I quote: “There is a cost to losing this opportunity. In 2001,
20.8 per cent of aboriginals’ total income came from
government transfer payments, almost double the 11.5 per
cent of non-aboriginals’ incomes. Aboriginals are also more
likely to access social services and are over-represented in
the criminal justice system. With the aboriginal population
on the rise, and many non-aboriginals retiring, these
expenditures will increase the burden on the tax base.”
Although Aboriginal people are over-represented in the jails
and welfare lines of Canada, I would argue that this is due to
the historic and ongoing legacy created by past and present
government policies and treatment of Canada’s first peoples.

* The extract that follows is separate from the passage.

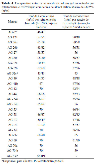 Das 36 marcas apresentadas na Tabela 3, para as quais foram aplicadas as 2 metodologias, a fim de determinar o teor de álcool etílico, os dados indicam que: i-17 marcas (47,22%) têm os valores similares e o teor de álcool etílico dentro do recomendado.9 ii- 11 marcas (30,55%,) apresentaram com a aplicação da refratometria um teor de álcool etílico inferior ao limite recomendado pelo Ministério da Sáude/ANVISA.9 Os valores (Tabela 3) abaixo do recomendado foram confirmados por meio da oxidação do álcool com o dicromato, embora com certa discrepância entre as duas metodologias. Com base nos dispostos acima (i e ii) é possível afirmar que 77,77% das marcas avaliadas apresentaram resultados confiáveis utilizando a refratometria. É importante destacar que a metodologia fornece uma informação rápida e se aplicada pela vigilância sanitária (Município e/ou Estado), com encaminhamentos aos órgãos competentes, sem dúvida, um menor número de produtos inadequados, para assepsia das mãos, seriam encontrados no mercado. Embora a refratometria tenha fornecido resultados confiáveis para 77,77% das marcas, nas situações cuja formulação possui concentração de emoliente acima do recomendado, os teores de álcool etílico não são garantidos. Na Tabela 3 há 8 marcas (22,22%) que resultaram produtos eficientes para assepsia das mãos, no entanto, a reação de oxirredução dicromato com álcool em gel, indicou teores de etanol aquém do recomendado.9 A Tabela 4 ilustra as marcas cujos teores de etanol encontrados por refratometria e ou oxirredução indicaram produtos não efetivos para assepsia das mãos em meio à pandemia. Essa tabela foi construída considerando as marcas com teores de álcool etílico abaixo de 68,25% (m/m), o valor mínimo recomendado na RDC no 422 de 16 de setembro de 2020.9

It is the direct result of cultural genocide, child kidnapping and
molestation during the residential school era, and legal and
systemic oppression.
NOT because of a lack of job training.
Crime and poverty stem from hopelessness created and
perpetuated by racist laws and oppressive government
policies, NOT from a lack of training or job opportunites. Your
belief that such deep, systemic problems can be overcome
and solved FOR the Aboriginal peoples by simple policy
changes in regards to job training is naive at best.
Your statement that this impending labour shortage presents
the government with a double sided opportunity to lift the
native child out of his uneducated, poverty stricken state
on the rez by training him or her to answer to the labour
shortages in Canada, to nurse your old sick folk, is just more
of the same attitude Aboriginal people have faced from
non-Aboriginal Canada for centuries.
I have recently read article after article about how the fast
growing Aboriginal youth population presents a pool of
muscle who can work to support the dominant economic,
social and political structures of Canada. Has anyone asked
the Aboriginal youth if that is what they want? Perhaps they
don’t see themselves as poverty stricken undereducated
victims or criminals whose last best hope is to be trained by
the non-Aboriginal, to move to the city and work to
support non-Aboriginal institutions and the status quo of the
dominant society. Perhaps they don’t care, or don’t want to
be the solution to the problem that “a skilled labour shortage
potentially could hinder economic development because of
cost overruns from higher wages. This would lead to actual
GDP growth falling below projected forecasts.”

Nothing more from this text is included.